Героем Саламина был афинский вождь Фемистокл, героем Платеи — спартанский царь Павсаний. Это им больше всего были обязаны греки победой. Но прошло десять лет — и оба они стали изменниками и врагами народа. Старый Солон еще раз оказался прав: видно, от успехов могла кружиться голова не только у восточных царей.

Для Фемистокла этот взлет к успеху был особенно быстр и крут. Он был незнатен и неучен, но талантлив и честолюбив. Неучености своей он не стыдился. Его попрекали: «Ты не умеешь управляться с лирой», — он отвечал: «Зато умею с государством». Его спрашивали: «Кем бы ты хотел быть, Гомером или Ахиллом?» — он отвечал: «А кем бы ты — олимпийским победителем или глашатаем, объявляющим о его победе?» Зато, когда Мильтиад победил при Марафоне, Фемистокл не находил себе места от зависти. Он говорил: «Лавры Мильтиада не дают мне спать».
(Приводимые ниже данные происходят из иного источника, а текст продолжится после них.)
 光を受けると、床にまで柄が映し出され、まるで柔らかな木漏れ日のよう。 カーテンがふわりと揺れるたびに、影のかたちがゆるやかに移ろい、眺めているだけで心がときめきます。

Теперь он стал самым знаменитым человеком в Греции. После Саламина греческие военачальники устроили голосование, кто из них лучший; каждый назвал лучшим себя, а вторым — Фемистокл а. Награда была присуждена Фемистоклу. Когда он зрителем пришел на Олимпийские игры, ему рукоплескали громче, чем бегунам и колесничникам. Один завистник с маленького острова Сериф сказал ему: «Ты обязан этой славой не себе, а своему городу!» — «Ты прав, — ответил Фемистокл, — ни я бы не прославился на Серифе, ни ты в Афинах».
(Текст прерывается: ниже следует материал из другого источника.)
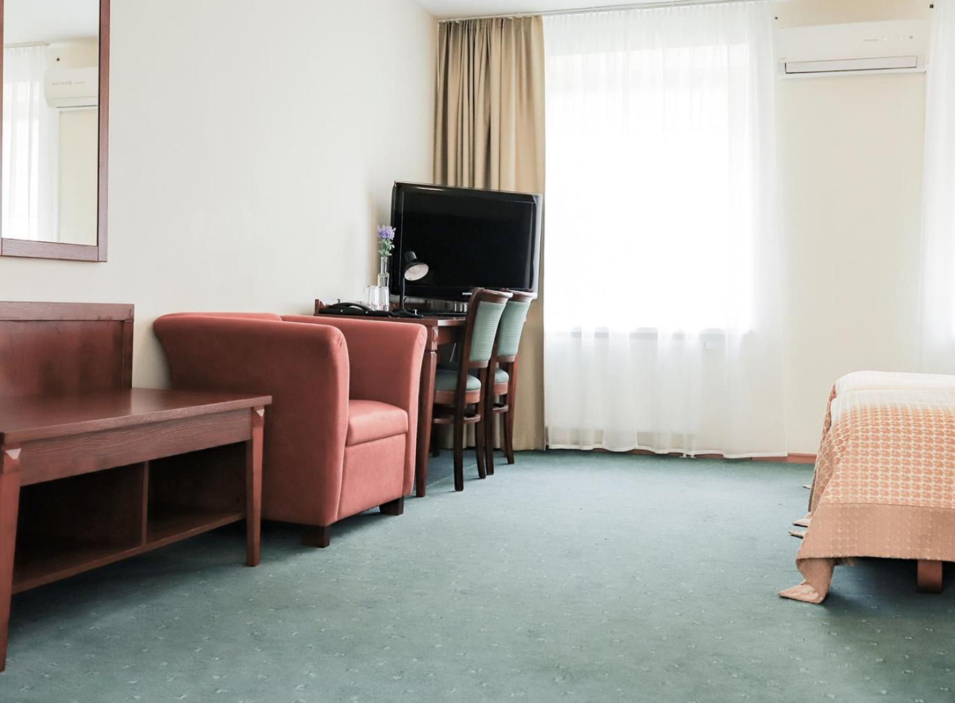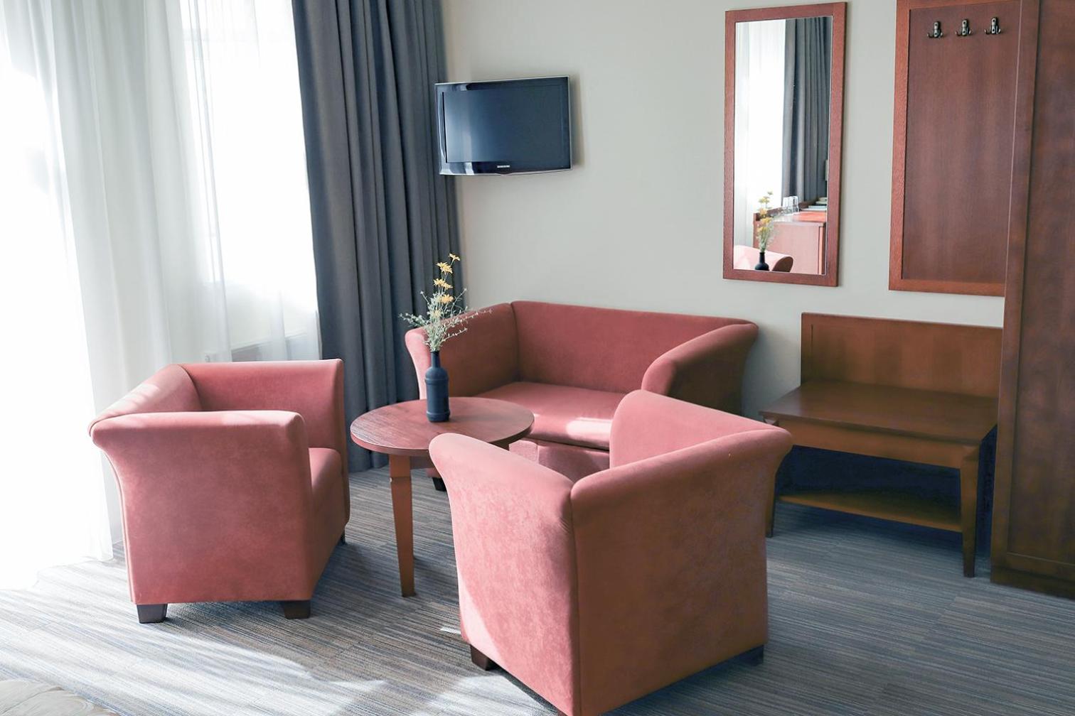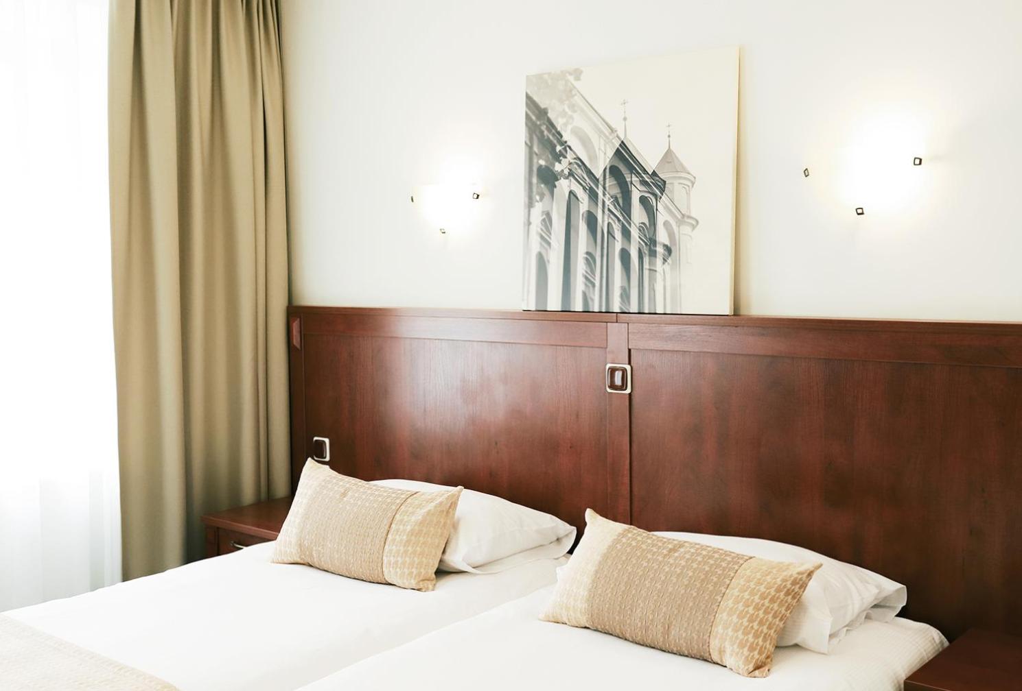 Labai prastos pagalvės sušokusios gumulais ir didelės. Buvo daug mokyklinio amžiaus vaikų ir kai jie ėmė lakstyti sekmadienio ankstų rytą po holą tai sienos rodėsi kiauros. Nėra geriamo vandens kambaryje, kai kainą moki gana nemažą- norisi kad būtų vandens buteliukuose, nes krano vandens skonis labai jau nekoks. Kambaryje stovi arbatinis, tik jo paskirtis visai neaiški, nes nei arbatos/ kavos, nei puodelių į kuriuos pasidaryti karšto gėrimo. Registratūra nepatogi, darbuotojas kurio reikėjo laukti, nebuvo malonus.

До Фемистокла Афины — несмотря на Солона, Писистрата, Мильтиада — были в Греции государством второстепенным. Фемистокл первый захотел сделать этот город, выжженный дотла, самым сильным в стране. Для этого нужно было прежде всего окружить стенами город и порт. Стройка началась; спартанцы забеспокоились. Фемистокл сам поехал в Спарту, завещав строить как можно быстрее. Спартанцам он сказал: «Не верьте слухам, стен нет; пошлите послов убедиться, я буду заложником». Послы поехали и увидели стены уже во всю высь. Афиняне задержали послов и выменяли их на Фемистокла. Покидая Спарту, Фемистокл говорил: «Вам ли к лицу властвовать не вашей доблестью, а чужою слабостью?»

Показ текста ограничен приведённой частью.